Experimental procedures

Cotton accessions and field experiments

A collection of 719 upland cotton germplasms (Gossypium hirsutum L.) was used for the association analysis in this study. These accessions were from different countries, 588 were collected from China and 131 were from other countries (Table S1). The 719 accessions were grown in eight natural environments in a randomized complete block design at Baoding (115°47′N, 38°87′E), Hejian (116°13′N, 38°42′E), Xinji (115°12′N, 37°54′E) and Qingxian (116°91′N, 38°65′E) in Hebei Province and Yacheng (109°20′N, 18°38′E) in Hainan Province in 2014, denoted 14BD (E1), 14HJ (E2), 14XJ (E3), 14QX (E4) and 14HN (E5), respectively, and Xinji and Qingxian in Hebei Province and Yacheng in Hainan Province in 2015, denoted 15XJ (E6), 15QX (E7) and 15HN (E8), respectively. Two replicates were performed for each accession in five locations in 2014, and three replicates were performed for the three locations in 2015. Briefly, one row of each accession was planted for each replicate, with 20–22 plants per row, 30–35 cm between plants within rows and 80 cm between rows.

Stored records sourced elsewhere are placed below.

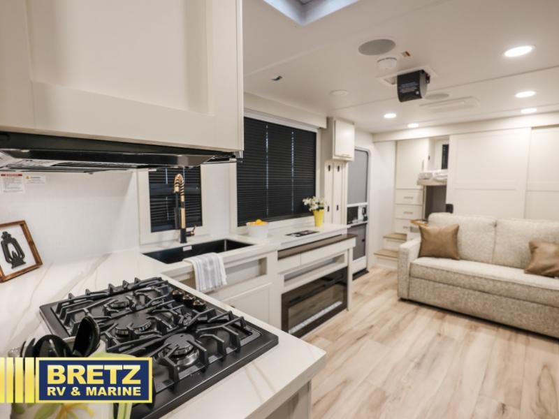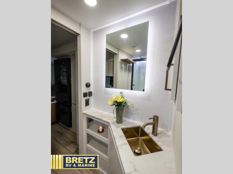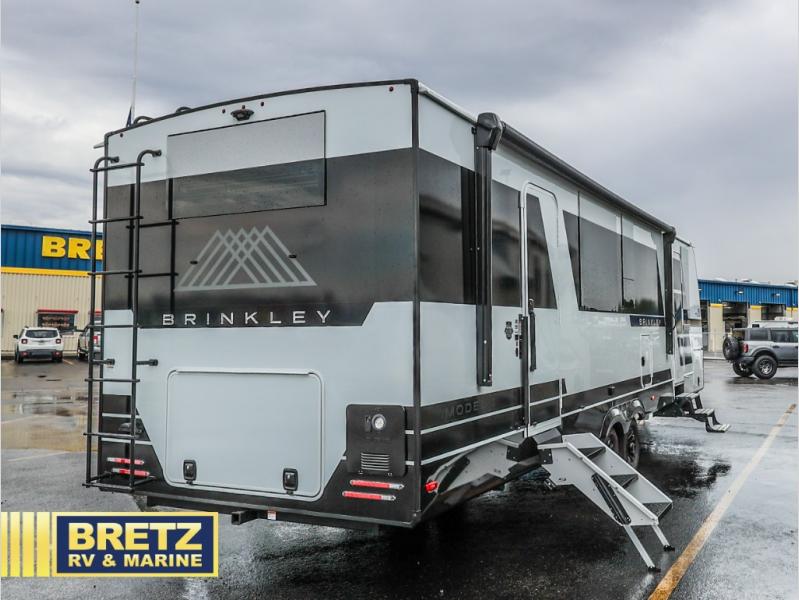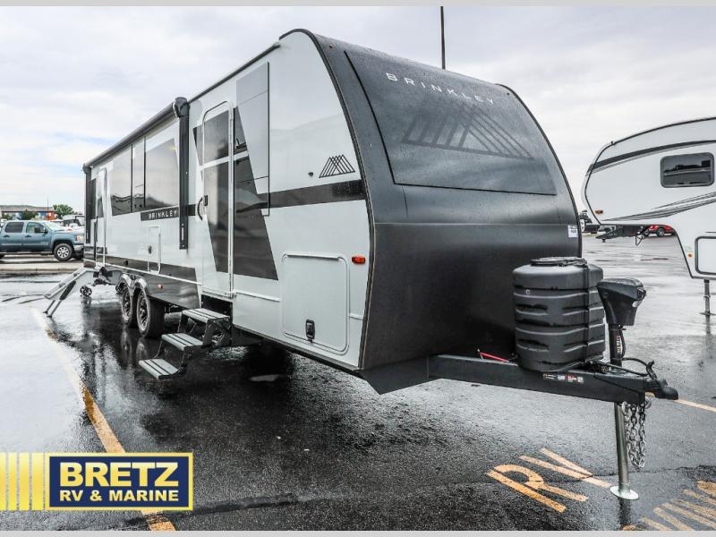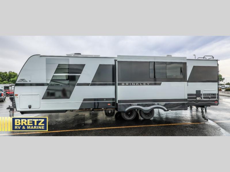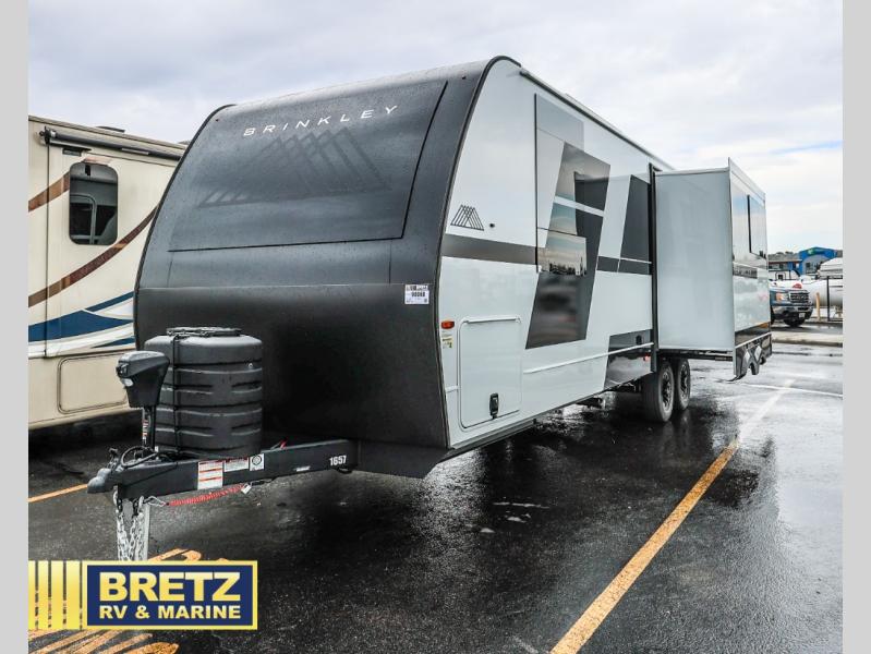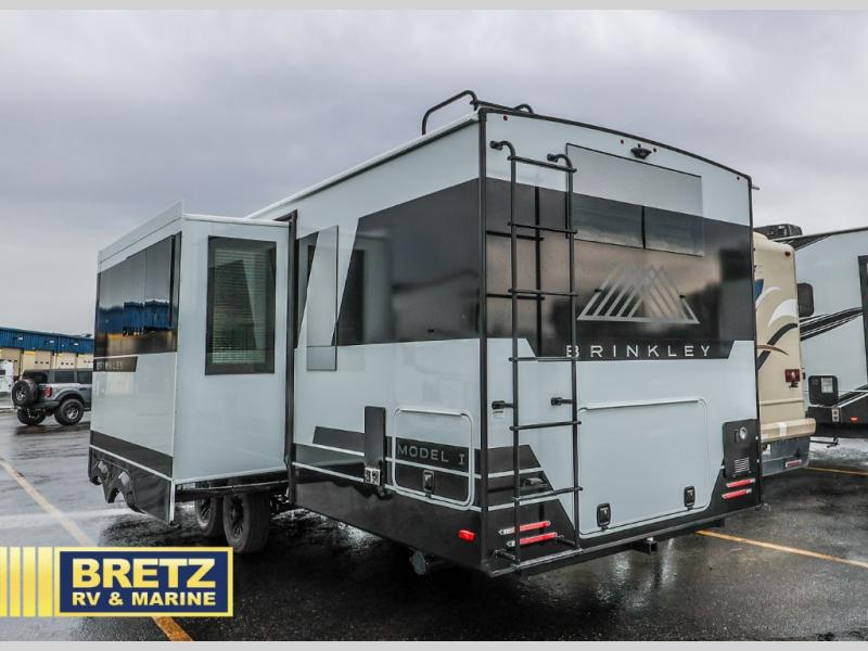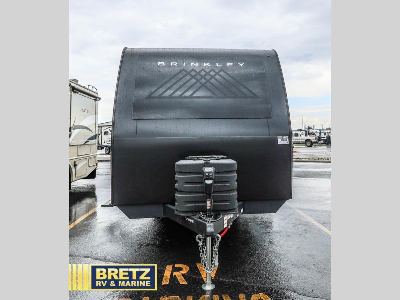 The lightweight Model I travel trailer by Brinkley is the perfect choice for those looking for an easy tow and at-home comforts! There is a drop-frame chassis, high-performance Road Armor suspension equalizer system, and Demco EZ Latch trailer coupler that automatically latches when dropped onto a hitch ball without the need of a safety pin. Additional exterior features include square Euro frameless windows, automotive-grade paint, full-width LED strip lighting in the pass-thru, and a pet & property security campside tie-down to keep your gear and furry friends safe. Inside, you'll be wowed by Brinkley's CraftSense wood trim construction, residential solid surface kitchen countertops, dimmable bedroom lights, and marine-grade neon LED shower lighting to name a few stand-out features!
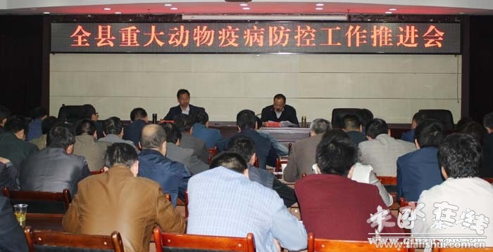 4月19日,秦安縣召開重大動物疫病防控工作推進(jìn)會?h委常委、副縣長郭雙江,副縣長王玉安,各鄉(xiāng)鎮(zhèn)長和畜牧獸醫(yī)站長,縣直有關(guān)部門、駐秦有關(guān)單位主要負(fù)責(zé)人參加了會議。
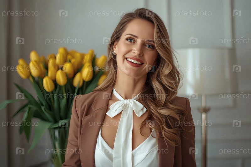 Концепция праздника, посвященного Международному женскому дню 8 марта.Молодая женщина в элегантном платье с луком держит букет желтых тюльпанов в ярком интерьере
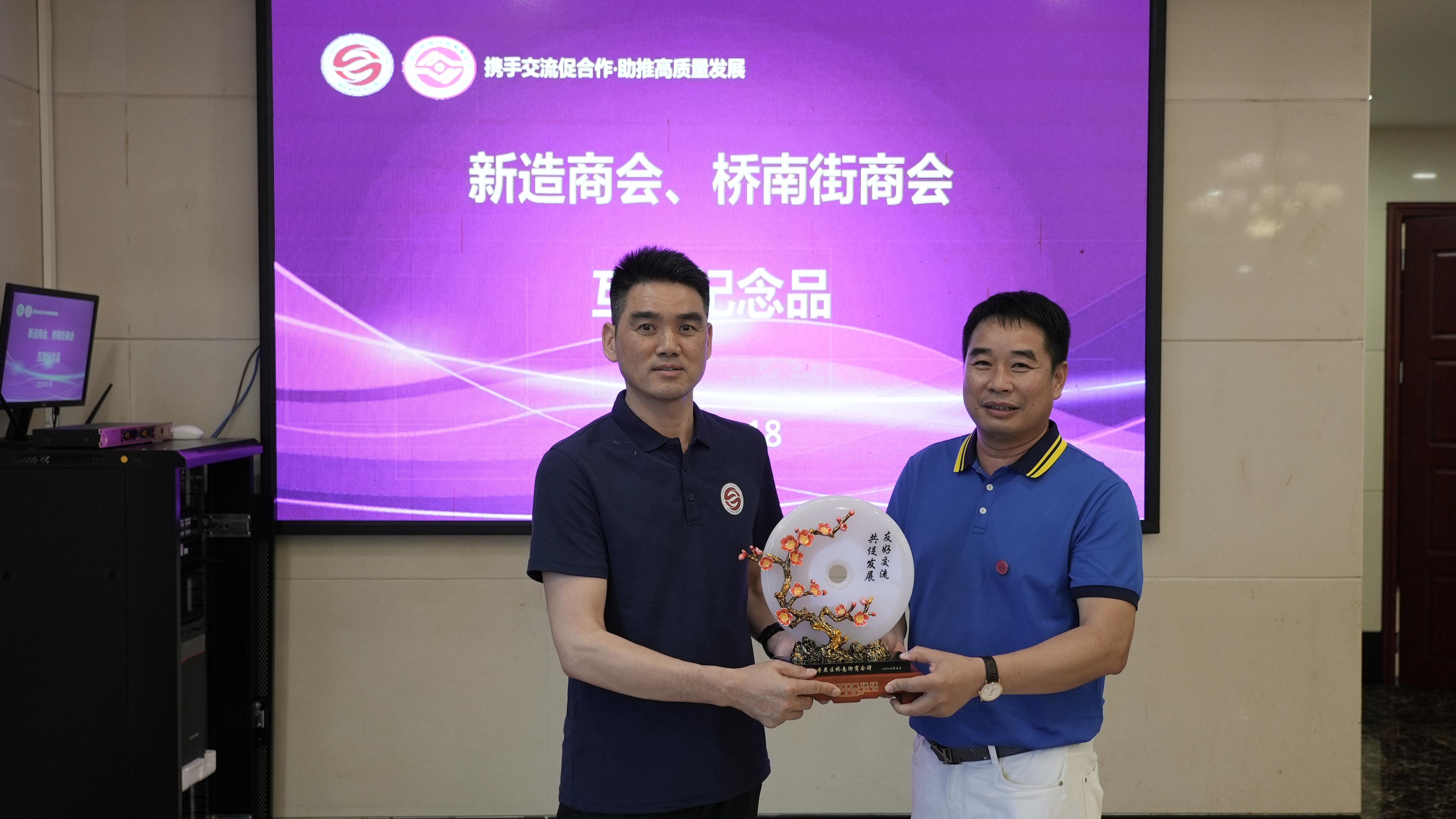 晚宴上,桥南街商会会长张志勤、新造商会会长陈黎明分别发言,双方介绍了两个商会的发展历程,分享了办会经验。他们希望通过友好交流将进一步加强两个商会的合作和交流,抱团取暖,共同探索新时期商会工作新思路,达到资源共享,更好地为两个商会会员服务,实现两地优势互补,助力番禺经济高质量发展。双方互赠纪念品。

Phenotypic evaluation and statistical analyses

When mature, 20 naturally open bolls from the central part of the plants from each accession were hand harvested at each location and ginned. Fibre samples were sent to the Supervision and Testing Center of Cotton Quality, Ministry of Agriculture of China in Anyang, Henan Province for fibre property determination. Fibre quality traits, including the upper half mean fibre length (FL, mm), fibre strength (FS, cN/tex), fibre micronaire (FM), fibre uniformity (FU, %) and fibre elongation (FE, %), were measured using a high volume instrument (HVI). Statistical analyses, Pearson correlation between traits and significance analyses were conducted using SPSS 22.0 software. Differences were tested for significance at the 1% probability level.

Genotyping and SNP marker screening

Genomic DNA of each accession was extracted from young leaf tissues for genotyping using a modified CTAB method (Zhang and Stewart, 2000). A CottonSNP63K array containing 63 058 SNPs (Hulse‐Kemp et al., 2015), which was recently developed by an international cotton SNP consortium, was applied to genotype the 719 accessions using the Illumina Infinium platform according to the manufacturer's protocol. All the SNP data were clustered and selectively analysed by Illumina GenomeStudio genotyping software. The SNP data set was further filtered with a calling rate < 0.85 and MAF < 0.05. For the physical localization of SNP markers, the probe sequences of the SNPs were used to perform a local BLAST (Altschul et al., 1990) search against the G. hirsutum TM‐1 reference genome (Zhang et al., 2015b). SNPs that could not be assigned to a G. hirsutum chromosome were excluded from further analysis.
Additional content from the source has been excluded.